NASA is preparing to launch its latest climate science mission, the Polar Radiant Energy in the Far-Infrared Experiment (PREFIRE), which aims to capture brand new data on how heat is lost from Earth’s polar regions to space .
PREFIRE consists of a pair of cubesats launched separately into near-polar orbits. The first, “Ready, Aim, PREFIRE,” will launch no earlier than (NET) May 22 on a Rocket Lab Electron rocket from Pad B at the company’s Launch Complex 1 in Māhia, New Zealand. The second cubesat, “PREFIRE and ICE”, will be launched a few days later.
The pair is designed to measure far-infrared radiation – wavelengths longer than 15 microns – which are responsible for about 60 percent of the total heat lost at the poles. “We’ve never measured that before,” Tristan L’Ecuyer, principal investigator of PREFIRE at the University of Wisconsin-Madison, said on a call with reporters on May 15. L’Ecuyer says PREFIRE will help scientists study how different properties at the poles, such as clouds, humidity and the surface’s fluctuation between frozen and liquid states, contribute to the dissipation of heat lost to space.
Related: NASA selects Rocket Lab for back-to-back launches of climate change research
The Arctic is warming faster than anywhere else on Earth, leading to paradigm shifts for local people and wildlife habitats at the poles, as well as global impacts such as rising sea levels. “Finally, [PREFIRE] information will be combined with our climate models and hopefully we will be able to improve our ability to simulate what sea level rise could look like in the future, and also how polar climate change will affect weather systems around the world. planet,” L’Ecuyer said.
The PREFIRE cubesats are each about the size of a loaf of bread and contain identical thermal infrared spectrometers. Although small, their cost-effective design and unique purpose fit nicely into NASA’s growing matrix of climate research missions, such as the much larger SWOT (Surface Water and Ocean Topography) satellite for studying water levels across the planet. “NASA needs both our big missions and these smaller missions,” said Karen St. Germain, director of NASA’s Earth Science Division at the agency’s headquarters. “You can think of them in a sense as generalists versus specialists to answer the full range of questions we have about understanding the Earth as a system.”
Each cubesat is equipped with a single infrared spectrometer. Mary White, PREFIRE project manager at NASA’s Jet Propulsion Laboratory, described them during the May 15 call as a “scaled-down” version of NASA’s Moon Mineralogy Mapper (M3) optical system and pointed out similarities with two additional missions that successfully completed validated the technology: the Mars Climate Sounder (MCS) instrument on NASA’s Mars Reconnaissance Orbiter (MRO), and the Diviner Lunar Radiometer Experiment aboard the Lunar Reconnaissance Orbiter (LRO).

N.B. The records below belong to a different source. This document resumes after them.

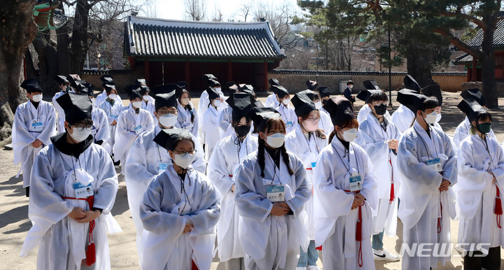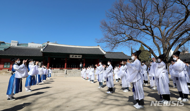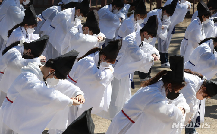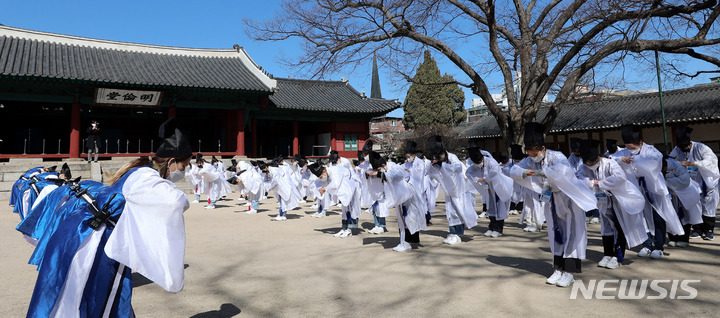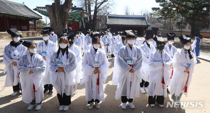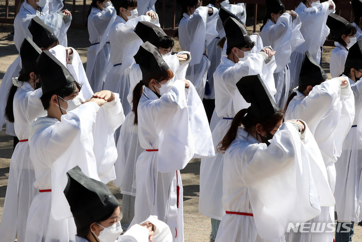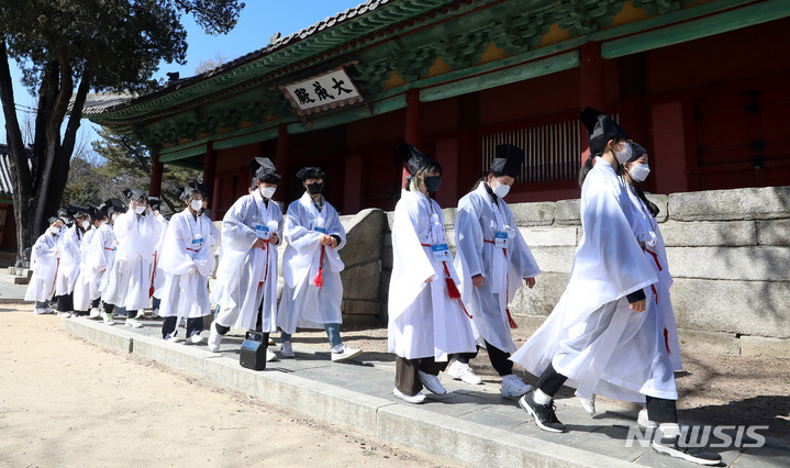 【NEWSIS】6日午後、ソウル市鍾路区の成均館で、朝鮮時代に科挙に合格した儒学生たちのための歓迎式に由来する「新榜礼」に出席した成均館大学の新入生たち。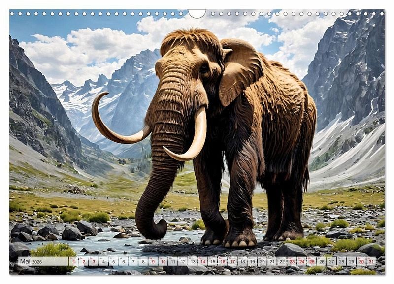 Mai: Beeindruckendes Mammut in vorzeitlicher Gebirgswelt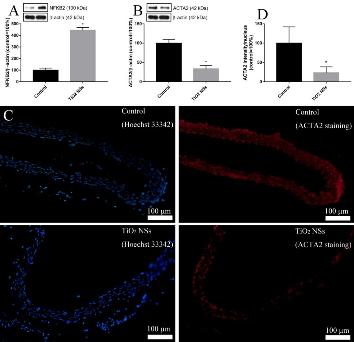 图2.二氧化钛纳米片对小鼠血管NFKB2和ACTA2蛋白的影响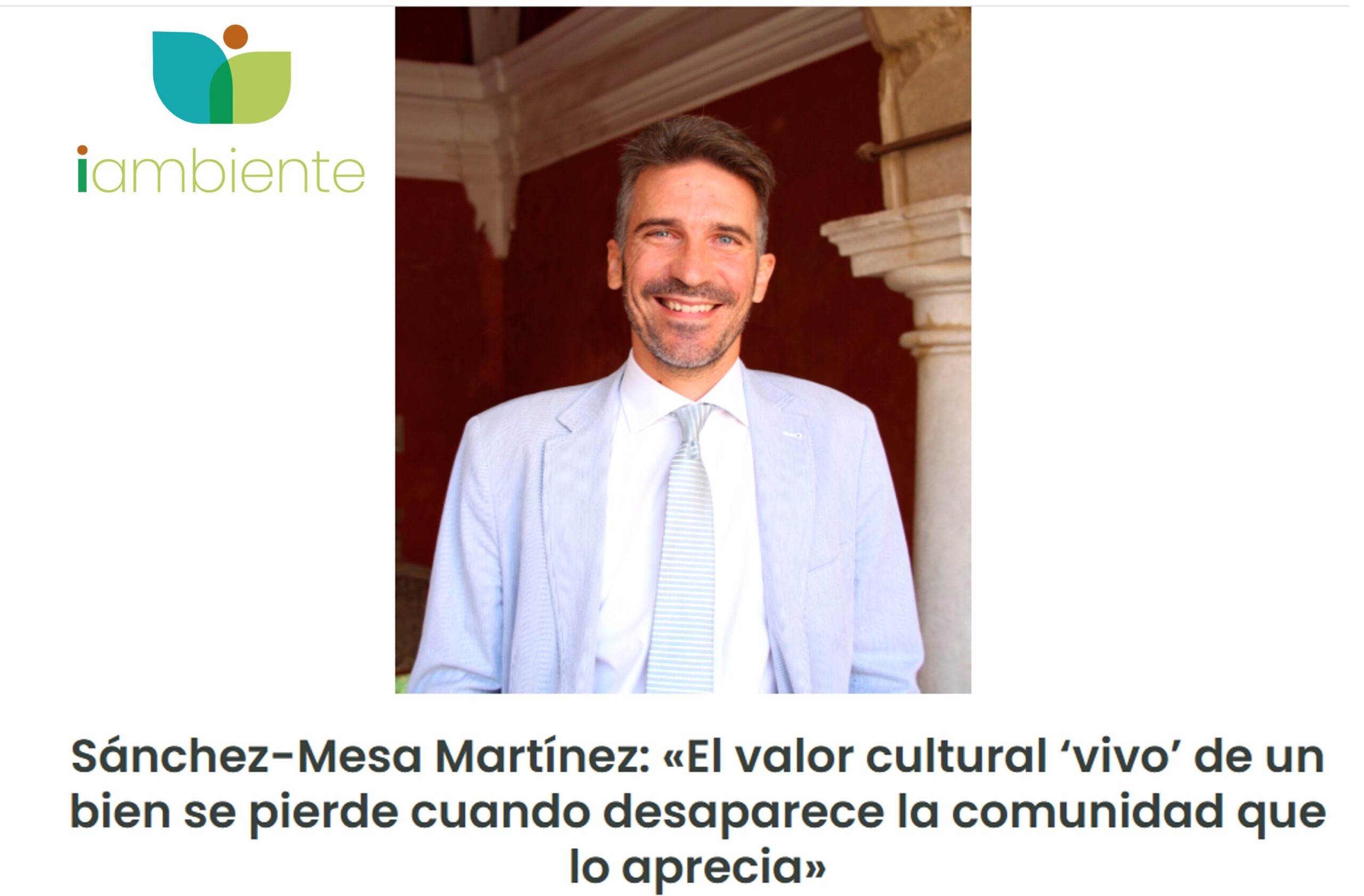 Ha determinado en la entrevista que “el Patrimonio cultural y su adecuada preservación es también un indicador de calidad de vida, un factor que favorece la cohesión social y el afianzamiento de la identidad local, elementos que pueden implementar el atractivo de una zona no sólo para visitarla sino también para asentarse en ella”. Para él, “el valor cultural “vivo” de un bien se pierde cuando desaparece la comunidad que lo aprecia”.

The mission’s dual-satellite approach will allow researchers to gain a unique perspective on the changes taking place at our planet’s poles. “Having one cubesat would be able to map what emissions look like in the polar regions,” L’Ecuyer explains. “We will use the two cubesats to take measurements over the course of several hours, taking the difference between those measurements and trying to understand how the processes taking place in the Arctic are actually affecting Arctic emissions.”
As with all NASA climate research, White says PREFIRE data will be accessible to the public: “All NASA data is open and freely available to all scientists or all people of interest around the world. That’s part of our open science data policy, and that would certainly be true for this mission.”